Gleichzeitig eröffnete die Partei das Auswahlverfahren für einen
Nachfolger. Bis Montag werden nun Nominierungen entgegengenommen. Der
Sieger des mehrstufigen Prozesses soll bis Ende Juli feststehen - und
wird May dann auch an der Regierungsspitze ablösen.

May geht als gescheiterte Premierministerin in die Geschichte
Großbritanniens ein. Gescheitert an ihrem eigenen Ziel, das Land
geordnet aus der Europäischen Union zu führen. Es gelang ihr nicht,
das Parlament und ihre zerstrittenen Konservativen beim Thema
EU-Austritt zu versöhnen. Auch die Bevölkerung ist tief gespalten.

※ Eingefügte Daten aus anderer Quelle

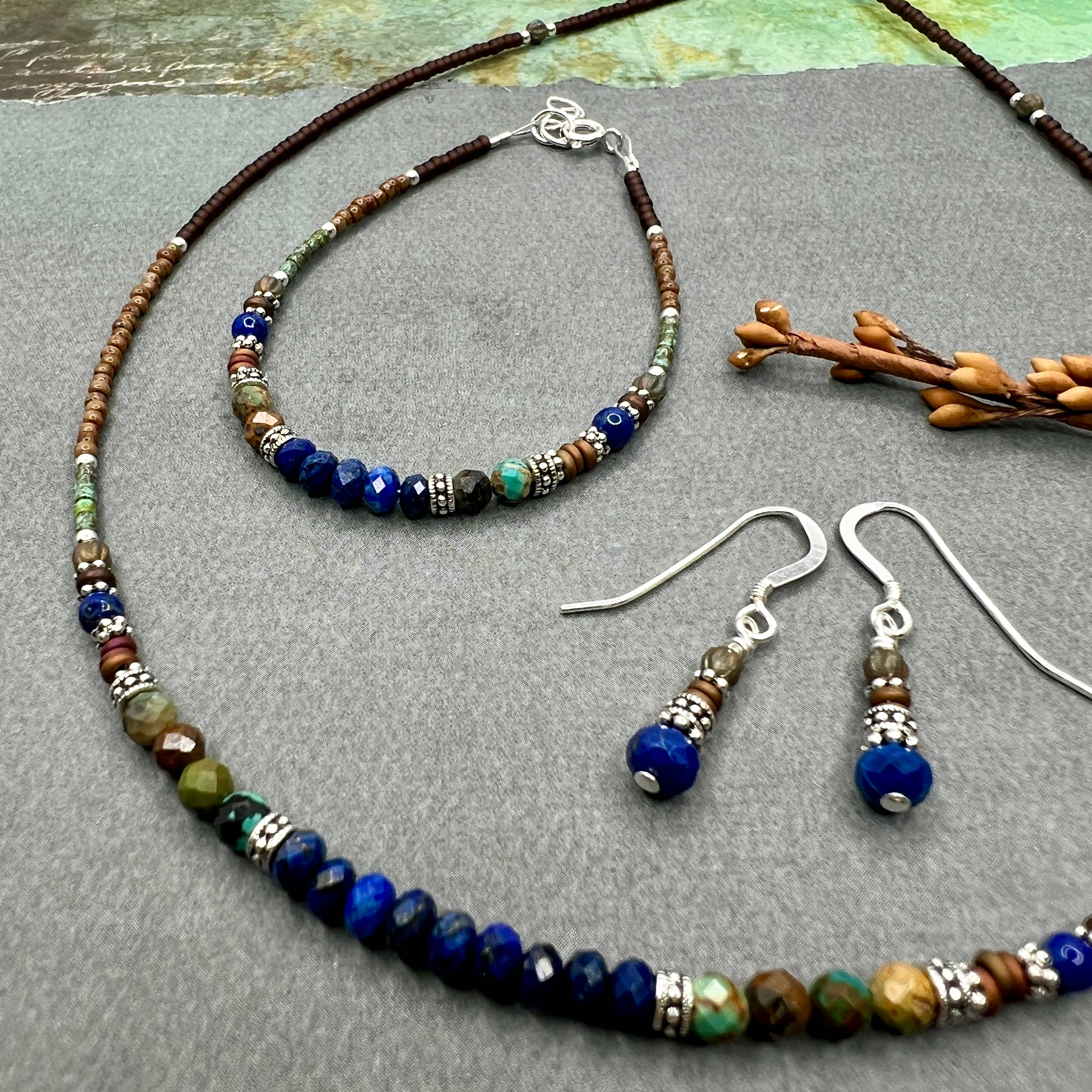 Une perle ovale en étain ornée d'un motif de feuille orne le centre de cet ensemble, avec des cristaux bleu ardoise et des perles en cristal gris platine, toutes deux de la plus haute qualité, avec des coquillages en ivoire, des perles d'eau douce, des détails en étain et en argent sterling, sur un fil de perles de rocaille ivoire beige brillant. Fermoir en argent sterling. Le bracelet est livré avec une chaîne de réglage en argent sterling de 7 à 7 pouces, les colliers mesurent tous deux 18 pouces de long, notre taille la plus vendue. Les crochets des boucles d'oreilles sont tous en argent sterling. Ce style est basé sur des demandes pour une version plus petite et plus élégante de notre Ivory Tree of Life. Cette version s'avère très populaire. Ce style est limité. Toutes nos pièces sont étiquetées et étiquetées, avec la liste des matériaux utilisés, car il est important de savoir ce que vous achetez:)

Mit ihrem Brexit-Abkommen, das sie mit Brüssel ausgehandelt hatte,
fuhr May Mitte Januar die größte Niederlage einer Regierung in der
Geschichte des britischen Parlaments ein. Zwei Monate später lehnte
das Unterhaus den Deal erneut ab, Ende März ein drittes Mal.

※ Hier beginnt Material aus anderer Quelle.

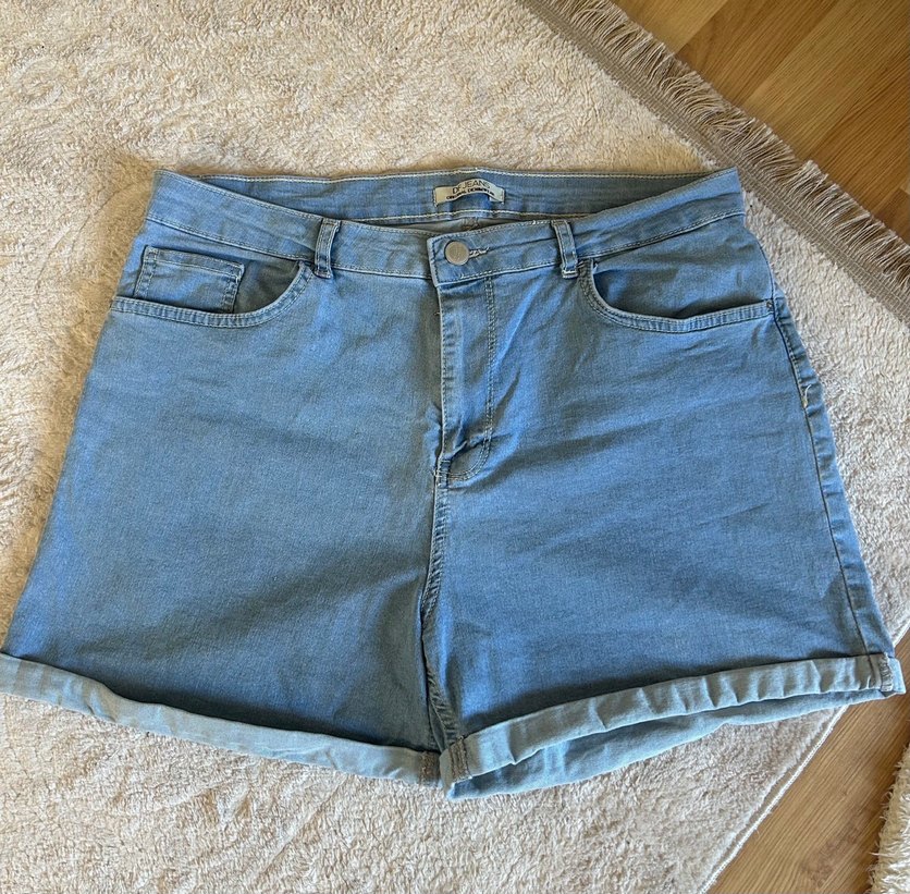 Mavi, rahat kesim, kısa paçalı ve katlamalı mini kot şort, gündelik rahat sokak stili için ideal. Boyu 36 cm bel 86 esnek bir kumaşa sahip

Doch das waren nur die jüngsten Tiefschläge in einer langen Reihe von
Pannen und Demütigungen. Jede für sich hätte wohl zu normalen Zeiten

das Ende ihrer Karriere bedeutet: zwei nur knapp gewonnene
Vertrauensabstimmungen, eine verlorene Parlamentswahl, ein
desaströser Parteitag und etliche Ministerrücktritte.

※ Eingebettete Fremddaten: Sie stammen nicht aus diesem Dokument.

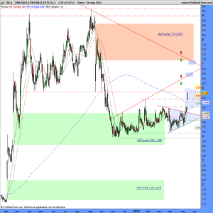 THLD. Las ultimas jornadas, pese a cerrar en verde con un mercado bien rojo, esta haciendo minimos decrecientes ya no se muy bien si como estrategia levanta stops o que. De hecho, a mi ya me han levantado los stops varias veces y eso que los dejaba por debajo de lo que creia era la linea de no retorno de los 5,54-5,55. Pero parece que no, que aqui no se respeta nada.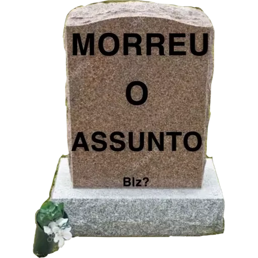 Túmulo de pedra com as palavras 'MORREU O ASSUNTO' em preto. Abaixo, 'Blz?'. Uma pequena planta brota de um canto.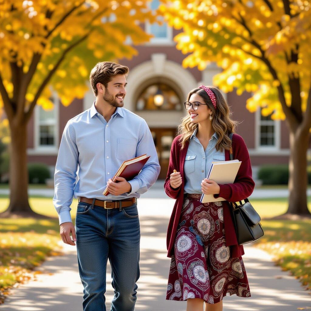 This image shows two college students walking on campus in autumn. The scene blends warmth, detailed realism, and a focus on everyday life reminiscent of classic American illustration.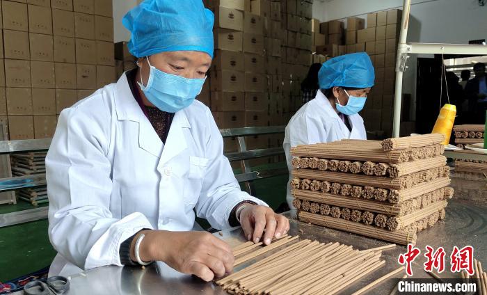 “我們農閑時就會來這里制作藏香?!睅孜宦耦^工作的婦女不善言談,但她們數線香、捆藏香流程十分嫻熟,她們足不出村實現就業增收。

In anderen Zeiten wäre May womöglich nie auf den Posten der
Regierungschefin gelangt. «Ich bin Theresa May und glaube, dass ich
die beste Person bin, um Premierministerin zu werden.» Mit diesen
Worten hatte sich May im Sommer 2016 nach dem knappen Votum der
Briten für den EU-Ausstieg und dem Rücktritt David Camerons beworben.
Für eine Idealbesetzung hielten sie nur wenige. Sie hatte sich beim
Referendum für den Verbleib in der Europäischen Union ausgesprochen,
aber so zaghaft, dass es kaum jemand merkte. Das ließ sie als
Kompromisskandidatin erscheinen.

May schlug sich umgehend auf die Seite der Brexit-Hardliner und zog
rote Linien, die ihr kaum Spielraum für Verhandlungen mit der EU
ließen. Einen Kompromiss mit der Opposition suchte sie viel zu spät.
Doch auch für einen Nachfolger dürfte diese Aufgabe so gut wie
unlösbar sein. Die Frist für den EU-Austritt wurde inzwischen zwei
Mal verlängert. Sie endet nun am 31. Oktober. Dann droht ein Brexit
ohne Abkommen mit drastischen Folgen für die britische Wirtschaft und
viele andere Lebensbereiche.

Das Feld der Bewerber ist groß. Elf Kandidaten haben bislang ihren
Hut in den Ring geworfen. Die besten Chancen werden Ex-Außenminister
Boris Johnson eingeräumt. Der umstrittene Politiker ist zwar als
Chefdiplomat in viele Fettnäpfchen getreten. Ihm wird aber zugetraut,
enttäuschte Brexit-Wähler, die sich von den Konservativen abgewandt
haben, wieder zurückzugewinnen. Eine Privatklage gegen Johnson wegen
angeblicher Lügen im Brexit-Wahlkampf wurde am Freitag vom High Court
in London abgeschmettert.

Die Konservativen stehen seit der Europawahl Ende Mai heftig unter
Druck von rechts. Die neue Brexit-Partei von Nigel Farage hatte es
mit knapp 32 Prozent der Stimmen aus dem Stand zur stärksten Kraft
geschafft. Die Tories wurden abgestraft und kamen nur noch auf rund
neun Prozent.

Nur knapp verpasste die Brexit-Partei am Donnerstag ihren Einzug ins
britische Parlament. Bei einer Nachwahl im ostenglischen Peterborough
fehlten dem Kandidaten der Brexit-Partei, Mike Greene, nur knapp 700
Stimmen, um die Labour-Partei zu schlagen, wie die Auszählung am
Freitag ergab. Der Tory-Kandidat landete auf dem dritten Platz. Das
starke Abschneiden der Brexit-Partei dürfte den Druck auf die
Bewerber für die May-Nachfolge erhöhen, einen harten Brexit-Kurs
einzuschlagen.

Bei seinem Staatsbesuch in dieser Woche hatte sich US-Präsident
Donald Trump bereits mit mehreren der Bewerber getroffen. Er
bescheinigte - entgegen allen diplomatischen Gepflogenheiten -
Johnson ausgezeichnete Fähigkeiten für das Amt des Partei- und
Regierungschefs. Die USA und Großbritannien streben ein großes
Handelsabkommen nach dem EU-Austritt Londons an. Ein kleiner Trost
für May dürfte sein, dass sie immerhin zehn Tage länger im Amt
geblieben ist als ihr letzter Labour-Vorgänger Gordon Brown.